• **LISTED ENTRIES**

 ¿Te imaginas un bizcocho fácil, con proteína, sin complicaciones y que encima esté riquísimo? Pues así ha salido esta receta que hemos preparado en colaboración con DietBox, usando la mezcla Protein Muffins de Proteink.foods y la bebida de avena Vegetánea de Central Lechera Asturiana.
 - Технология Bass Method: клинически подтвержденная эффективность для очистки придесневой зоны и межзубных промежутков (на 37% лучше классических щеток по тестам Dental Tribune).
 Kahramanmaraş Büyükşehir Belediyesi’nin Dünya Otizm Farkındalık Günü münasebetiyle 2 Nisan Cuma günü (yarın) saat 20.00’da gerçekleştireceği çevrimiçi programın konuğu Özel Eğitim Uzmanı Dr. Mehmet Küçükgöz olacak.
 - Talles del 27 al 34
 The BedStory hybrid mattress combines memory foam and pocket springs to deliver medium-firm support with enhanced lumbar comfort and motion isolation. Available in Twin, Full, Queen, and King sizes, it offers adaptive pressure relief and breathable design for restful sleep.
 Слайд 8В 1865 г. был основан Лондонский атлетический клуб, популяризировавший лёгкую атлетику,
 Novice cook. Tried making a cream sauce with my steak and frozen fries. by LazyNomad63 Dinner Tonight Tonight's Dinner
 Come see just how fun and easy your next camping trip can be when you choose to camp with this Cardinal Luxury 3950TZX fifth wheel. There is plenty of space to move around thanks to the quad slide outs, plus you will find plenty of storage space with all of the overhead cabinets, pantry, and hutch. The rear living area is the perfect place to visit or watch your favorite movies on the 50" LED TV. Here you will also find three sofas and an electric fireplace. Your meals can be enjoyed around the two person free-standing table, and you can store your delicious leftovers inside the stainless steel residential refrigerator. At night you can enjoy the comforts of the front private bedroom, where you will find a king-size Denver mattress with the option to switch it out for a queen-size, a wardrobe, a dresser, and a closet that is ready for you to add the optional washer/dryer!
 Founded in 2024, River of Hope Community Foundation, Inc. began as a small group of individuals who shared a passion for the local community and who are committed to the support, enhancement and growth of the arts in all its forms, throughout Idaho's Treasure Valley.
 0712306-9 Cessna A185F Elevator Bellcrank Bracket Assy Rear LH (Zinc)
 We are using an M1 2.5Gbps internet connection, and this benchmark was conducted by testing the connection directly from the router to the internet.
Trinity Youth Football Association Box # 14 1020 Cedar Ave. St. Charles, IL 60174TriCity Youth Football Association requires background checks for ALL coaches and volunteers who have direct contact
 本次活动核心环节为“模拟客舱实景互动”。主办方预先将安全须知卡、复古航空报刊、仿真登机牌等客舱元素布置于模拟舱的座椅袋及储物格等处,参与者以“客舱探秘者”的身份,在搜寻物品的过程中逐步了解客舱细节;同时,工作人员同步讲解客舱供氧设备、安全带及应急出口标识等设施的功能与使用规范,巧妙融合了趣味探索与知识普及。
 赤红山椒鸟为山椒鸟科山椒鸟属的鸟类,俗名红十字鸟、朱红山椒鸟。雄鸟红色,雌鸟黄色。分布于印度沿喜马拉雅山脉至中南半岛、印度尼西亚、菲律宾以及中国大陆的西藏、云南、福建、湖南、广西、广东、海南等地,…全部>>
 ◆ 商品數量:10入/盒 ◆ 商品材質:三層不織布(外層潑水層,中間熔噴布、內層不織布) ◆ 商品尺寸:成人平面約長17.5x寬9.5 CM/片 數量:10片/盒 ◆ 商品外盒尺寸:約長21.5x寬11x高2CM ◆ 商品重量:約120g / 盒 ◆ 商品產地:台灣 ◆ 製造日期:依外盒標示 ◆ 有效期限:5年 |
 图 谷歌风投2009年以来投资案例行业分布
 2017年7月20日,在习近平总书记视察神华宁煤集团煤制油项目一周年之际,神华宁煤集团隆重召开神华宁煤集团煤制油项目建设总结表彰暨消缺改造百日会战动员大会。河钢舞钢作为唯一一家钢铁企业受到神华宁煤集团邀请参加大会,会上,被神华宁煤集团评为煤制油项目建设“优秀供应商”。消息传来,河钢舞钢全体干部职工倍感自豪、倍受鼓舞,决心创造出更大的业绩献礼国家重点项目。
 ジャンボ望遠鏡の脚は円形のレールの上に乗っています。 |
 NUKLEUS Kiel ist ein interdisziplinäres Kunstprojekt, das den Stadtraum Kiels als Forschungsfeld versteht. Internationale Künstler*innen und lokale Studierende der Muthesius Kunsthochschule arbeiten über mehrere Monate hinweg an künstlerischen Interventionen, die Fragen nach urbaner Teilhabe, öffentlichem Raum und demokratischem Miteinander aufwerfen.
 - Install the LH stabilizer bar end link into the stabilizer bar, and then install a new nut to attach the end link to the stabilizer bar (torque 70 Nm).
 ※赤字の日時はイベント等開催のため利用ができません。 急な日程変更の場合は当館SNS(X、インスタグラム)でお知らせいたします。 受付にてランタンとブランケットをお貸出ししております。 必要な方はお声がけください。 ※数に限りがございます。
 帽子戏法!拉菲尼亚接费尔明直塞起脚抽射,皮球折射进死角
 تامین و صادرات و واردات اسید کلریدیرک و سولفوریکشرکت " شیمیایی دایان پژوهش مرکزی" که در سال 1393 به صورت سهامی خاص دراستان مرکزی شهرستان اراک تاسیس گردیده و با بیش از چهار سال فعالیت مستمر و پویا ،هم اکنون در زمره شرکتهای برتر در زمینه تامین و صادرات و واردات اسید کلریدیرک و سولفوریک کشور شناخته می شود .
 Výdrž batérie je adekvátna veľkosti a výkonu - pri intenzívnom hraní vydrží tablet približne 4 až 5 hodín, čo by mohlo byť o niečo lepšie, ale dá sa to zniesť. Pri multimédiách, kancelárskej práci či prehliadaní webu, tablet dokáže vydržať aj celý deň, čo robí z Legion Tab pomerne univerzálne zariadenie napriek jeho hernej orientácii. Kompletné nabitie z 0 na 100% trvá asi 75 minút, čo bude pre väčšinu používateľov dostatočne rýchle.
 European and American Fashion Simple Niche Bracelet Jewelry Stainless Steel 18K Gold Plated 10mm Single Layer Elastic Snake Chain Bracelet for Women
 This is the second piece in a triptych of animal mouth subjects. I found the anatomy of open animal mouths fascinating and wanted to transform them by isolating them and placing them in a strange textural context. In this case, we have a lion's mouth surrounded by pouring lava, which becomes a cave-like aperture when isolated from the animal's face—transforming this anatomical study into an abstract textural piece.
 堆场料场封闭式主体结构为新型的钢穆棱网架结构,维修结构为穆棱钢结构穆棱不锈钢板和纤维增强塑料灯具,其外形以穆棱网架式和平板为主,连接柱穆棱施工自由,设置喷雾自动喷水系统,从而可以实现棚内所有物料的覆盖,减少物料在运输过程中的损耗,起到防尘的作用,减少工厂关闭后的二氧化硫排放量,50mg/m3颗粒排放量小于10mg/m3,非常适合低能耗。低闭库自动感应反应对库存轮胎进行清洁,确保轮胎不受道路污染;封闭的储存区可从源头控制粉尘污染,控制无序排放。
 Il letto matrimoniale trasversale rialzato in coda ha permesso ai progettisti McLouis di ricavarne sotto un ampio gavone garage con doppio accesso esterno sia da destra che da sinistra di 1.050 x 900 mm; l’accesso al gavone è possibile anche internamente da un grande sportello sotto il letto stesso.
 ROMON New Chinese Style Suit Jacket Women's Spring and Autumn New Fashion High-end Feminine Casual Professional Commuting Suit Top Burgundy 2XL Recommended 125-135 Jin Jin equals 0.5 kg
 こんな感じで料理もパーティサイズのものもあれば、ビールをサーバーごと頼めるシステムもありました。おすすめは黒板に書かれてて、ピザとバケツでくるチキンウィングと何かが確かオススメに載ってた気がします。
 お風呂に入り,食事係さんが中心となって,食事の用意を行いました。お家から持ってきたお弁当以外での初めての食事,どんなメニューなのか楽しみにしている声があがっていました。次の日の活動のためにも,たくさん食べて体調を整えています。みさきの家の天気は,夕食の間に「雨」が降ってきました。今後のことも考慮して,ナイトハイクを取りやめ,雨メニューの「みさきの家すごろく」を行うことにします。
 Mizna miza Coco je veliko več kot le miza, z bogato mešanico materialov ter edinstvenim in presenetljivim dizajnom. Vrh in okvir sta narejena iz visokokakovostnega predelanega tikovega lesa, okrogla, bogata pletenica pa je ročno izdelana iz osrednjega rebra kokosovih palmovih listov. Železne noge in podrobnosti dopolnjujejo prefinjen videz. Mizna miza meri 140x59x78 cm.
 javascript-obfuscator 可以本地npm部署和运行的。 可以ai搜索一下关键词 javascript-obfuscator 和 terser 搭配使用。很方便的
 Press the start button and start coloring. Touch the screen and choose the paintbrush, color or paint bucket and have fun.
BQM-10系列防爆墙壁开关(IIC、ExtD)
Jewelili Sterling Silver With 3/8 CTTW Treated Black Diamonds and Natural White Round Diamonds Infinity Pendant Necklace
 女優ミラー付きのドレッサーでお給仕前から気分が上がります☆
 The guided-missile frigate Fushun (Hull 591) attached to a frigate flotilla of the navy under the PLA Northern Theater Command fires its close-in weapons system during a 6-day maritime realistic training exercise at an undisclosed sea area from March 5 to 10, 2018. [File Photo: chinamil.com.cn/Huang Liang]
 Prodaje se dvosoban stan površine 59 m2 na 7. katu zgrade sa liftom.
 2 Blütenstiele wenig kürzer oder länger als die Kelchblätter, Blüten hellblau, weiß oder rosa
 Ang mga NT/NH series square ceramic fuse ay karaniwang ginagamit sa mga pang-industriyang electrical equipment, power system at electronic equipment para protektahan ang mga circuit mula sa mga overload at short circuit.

• **INSTRUCTIONS FOR THE TASK**
Look above for the line that contains "javascript-obfuscator 可以本地npm部署和运行的。 可以ai搜索一下关键词". Starting there, transcribe every line exactly until you have copied the line that contains "2 Blütenstiele wenig".

• **EXPECTED OUTPUT**
 javascript-obfuscator 可以本地npm部署和运行的。 可以ai搜索一下关键词 javascript-obfuscator 和 terser 搭配使用。很方便的
 Press the start button and start coloring. Touch the screen and choose the paintbrush, color or paint bucket and have fun.
BQM-10系列防爆墙壁开关(IIC、ExtD)
Jewelili Sterling Silver With 3/8 CTTW Treated Black Diamonds and Natural White Round Diamonds Infinity Pendant Necklace
 女優ミラー付きのドレッサーでお給仕前から気分が上がります☆
 The guided-missile frigate Fushun (Hull 591) attached to a frigate flotilla of the navy under the PLA Northern Theater Command fires its close-in weapons system during a 6-day maritime realistic training exercise at an undisclosed sea area from March 5 to 10, 2018. [File Photo: chinamil.com.cn/Huang Liang]
 Prodaje se dvosoban stan površine 59 m2 na 7. katu zgrade sa liftom.
 2 Blütenstiele wenig kürzer oder länger als die Kelchblätter, Blüten hellblau, weiß oder rosa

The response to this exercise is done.